[DATA RECORDS]
Content starts

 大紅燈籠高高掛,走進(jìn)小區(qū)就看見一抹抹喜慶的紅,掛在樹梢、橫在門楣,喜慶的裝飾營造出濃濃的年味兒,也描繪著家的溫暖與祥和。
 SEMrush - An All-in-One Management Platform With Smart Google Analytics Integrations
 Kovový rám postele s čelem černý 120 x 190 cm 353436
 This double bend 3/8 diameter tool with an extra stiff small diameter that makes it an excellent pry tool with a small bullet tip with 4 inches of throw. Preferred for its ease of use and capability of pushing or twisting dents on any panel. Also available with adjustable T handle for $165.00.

Content ends
Content starts

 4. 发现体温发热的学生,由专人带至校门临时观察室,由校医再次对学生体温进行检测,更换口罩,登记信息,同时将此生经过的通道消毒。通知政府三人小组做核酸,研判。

Content ends
Content starts

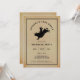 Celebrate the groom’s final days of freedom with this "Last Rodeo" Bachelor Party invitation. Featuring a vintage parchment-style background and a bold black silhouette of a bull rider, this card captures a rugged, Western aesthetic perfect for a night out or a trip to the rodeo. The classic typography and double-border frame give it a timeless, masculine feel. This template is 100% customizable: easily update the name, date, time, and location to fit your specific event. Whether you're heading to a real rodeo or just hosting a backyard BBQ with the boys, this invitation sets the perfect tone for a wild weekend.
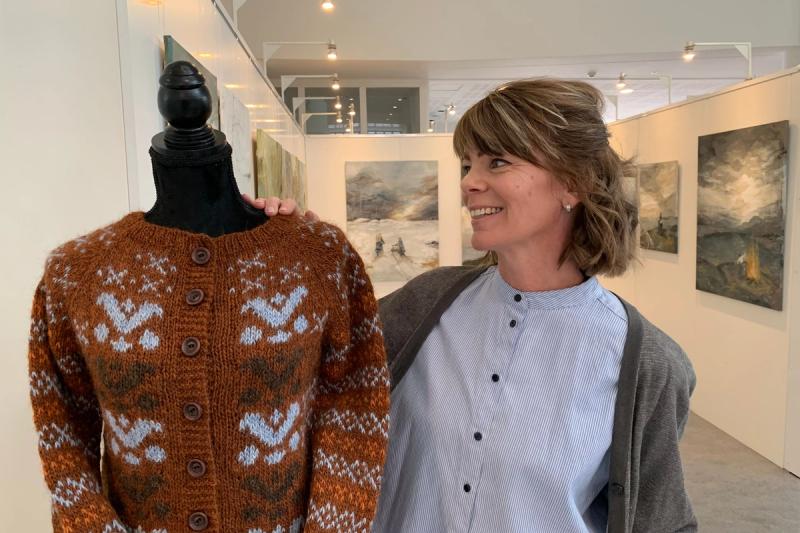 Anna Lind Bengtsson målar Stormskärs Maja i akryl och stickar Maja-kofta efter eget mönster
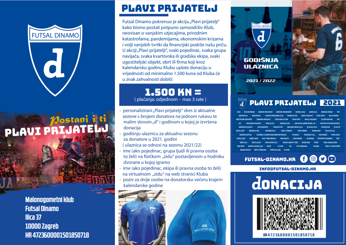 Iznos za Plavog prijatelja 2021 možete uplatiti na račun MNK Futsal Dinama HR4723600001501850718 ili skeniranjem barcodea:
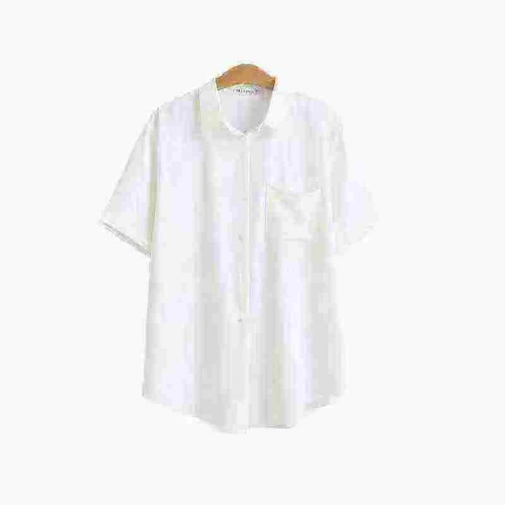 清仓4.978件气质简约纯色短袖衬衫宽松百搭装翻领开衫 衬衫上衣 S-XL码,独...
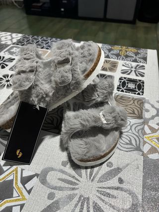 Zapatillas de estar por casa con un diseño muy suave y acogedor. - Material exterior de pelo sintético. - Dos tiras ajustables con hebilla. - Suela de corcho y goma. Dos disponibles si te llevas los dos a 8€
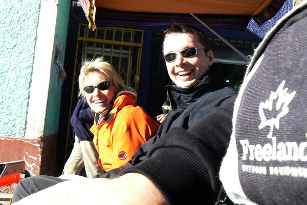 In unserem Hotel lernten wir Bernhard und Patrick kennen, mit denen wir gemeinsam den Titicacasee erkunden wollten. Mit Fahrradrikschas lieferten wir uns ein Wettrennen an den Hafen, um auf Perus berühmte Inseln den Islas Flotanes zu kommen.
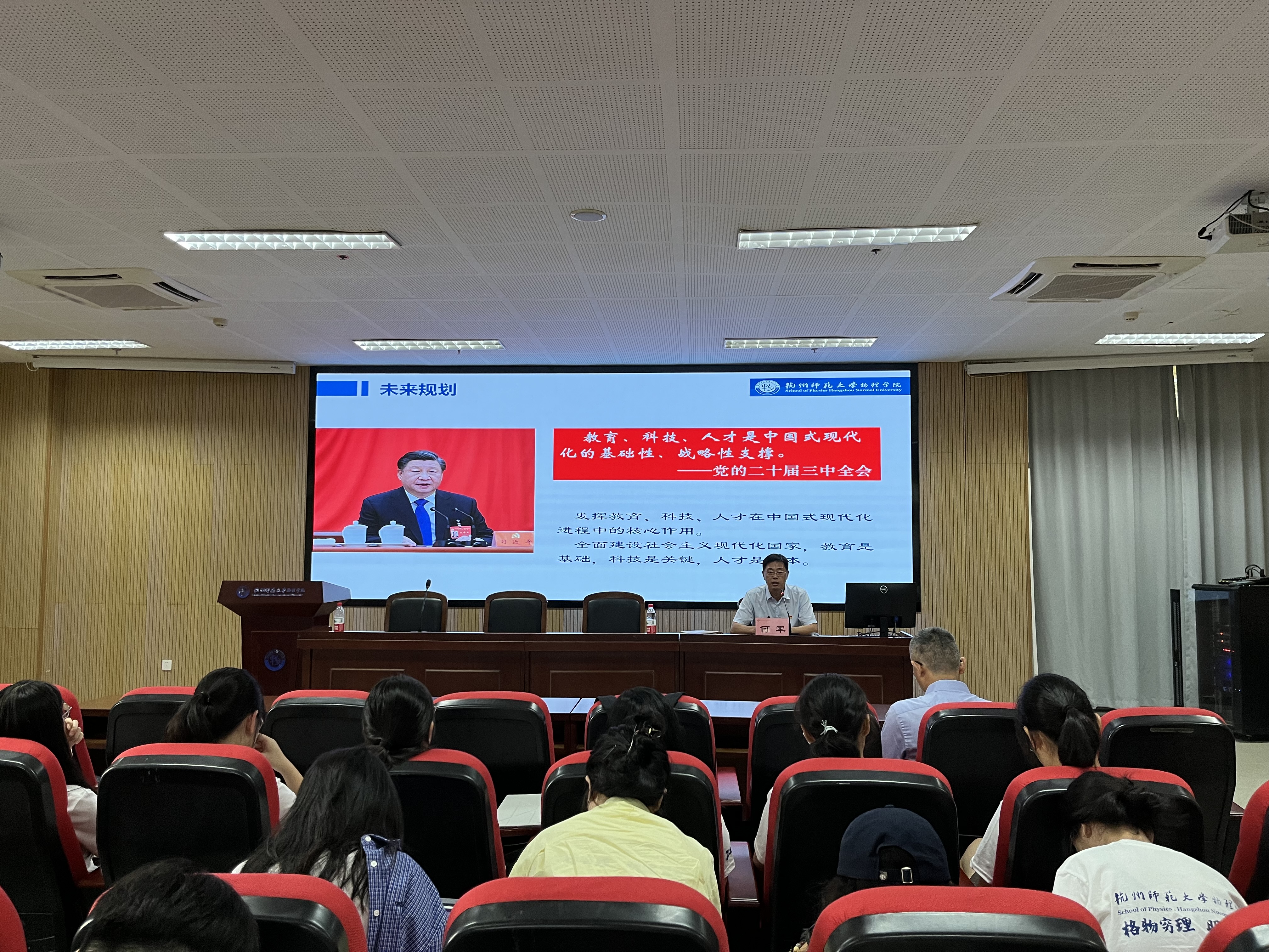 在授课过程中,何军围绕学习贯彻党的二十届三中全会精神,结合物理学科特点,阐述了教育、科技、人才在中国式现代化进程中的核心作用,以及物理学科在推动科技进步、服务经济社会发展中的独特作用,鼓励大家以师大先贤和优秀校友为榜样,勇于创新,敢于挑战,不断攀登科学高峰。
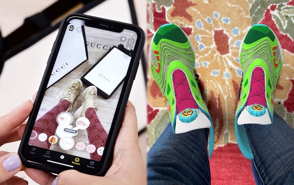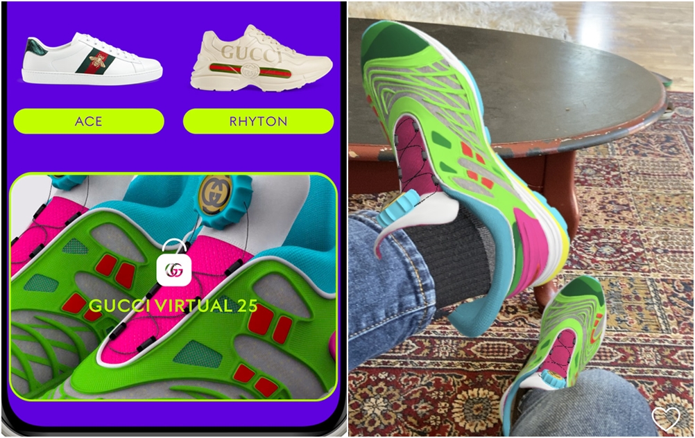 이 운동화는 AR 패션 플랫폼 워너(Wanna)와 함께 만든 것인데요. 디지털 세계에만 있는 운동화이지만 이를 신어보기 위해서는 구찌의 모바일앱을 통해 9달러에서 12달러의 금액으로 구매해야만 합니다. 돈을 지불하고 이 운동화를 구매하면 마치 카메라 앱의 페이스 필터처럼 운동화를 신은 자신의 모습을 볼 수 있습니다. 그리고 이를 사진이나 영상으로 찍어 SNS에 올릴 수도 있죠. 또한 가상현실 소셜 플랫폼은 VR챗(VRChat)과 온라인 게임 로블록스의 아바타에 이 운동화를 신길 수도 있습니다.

Content ends

Copy everything above from the line holding "Anna Lind Bengtsson" down to the line holding "이 운동화는 AR 패션", both ends included, exactly as it stands and without the pictures.

 Anna Lind Bengtsson målar Stormskärs Maja i akryl och stickar Maja-kofta efter eget mönster
 Iznos za Plavog prijatelja 2021 možete uplatiti na račun MNK Futsal Dinama HR4723600001501850718 ili skeniranjem barcodea:
 清仓4.978件气质简约纯色短袖衬衫宽松百搭装翻领开衫 衬衫上衣 S-XL码,独...
 Zapatillas de estar por casa con un diseño muy suave y acogedor. - Material exterior de pelo sintético. - Dos tiras ajustables con hebilla. - Suela de corcho y goma. Dos disponibles si te llevas los dos a 8€
 In unserem Hotel lernten wir Bernhard und Patrick kennen, mit denen wir gemeinsam den Titicacasee erkunden wollten. Mit Fahrradrikschas lieferten wir uns ein Wettrennen an den Hafen, um auf Perus berühmte Inseln den Islas Flotanes zu kommen.
 在授课过程中,何军围绕学习贯彻党的二十届三中全会精神,结合物理学科特点,阐述了教育、科技、人才在中国式现代化进程中的核心作用,以及物理学科在推动科技进步、服务经济社会发展中的独特作用,鼓励大家以师大先贤和优秀校友为榜样,勇于创新,敢于挑战,不断攀登科学高峰。
 이 운동화는 AR 패션 플랫폼 워너(Wanna)와 함께 만든 것인데요. 디지털 세계에만 있는 운동화이지만 이를 신어보기 위해서는 구찌의 모바일앱을 통해 9달러에서 12달러의 금액으로 구매해야만 합니다. 돈을 지불하고 이 운동화를 구매하면 마치 카메라 앱의 페이스 필터처럼 운동화를 신은 자신의 모습을 볼 수 있습니다. 그리고 이를 사진이나 영상으로 찍어 SNS에 올릴 수도 있죠. 또한 가상현실 소셜 플랫폼은 VR챗(VRChat)과 온라인 게임 로블록스의 아바타에 이 운동화를 신길 수도 있습니다.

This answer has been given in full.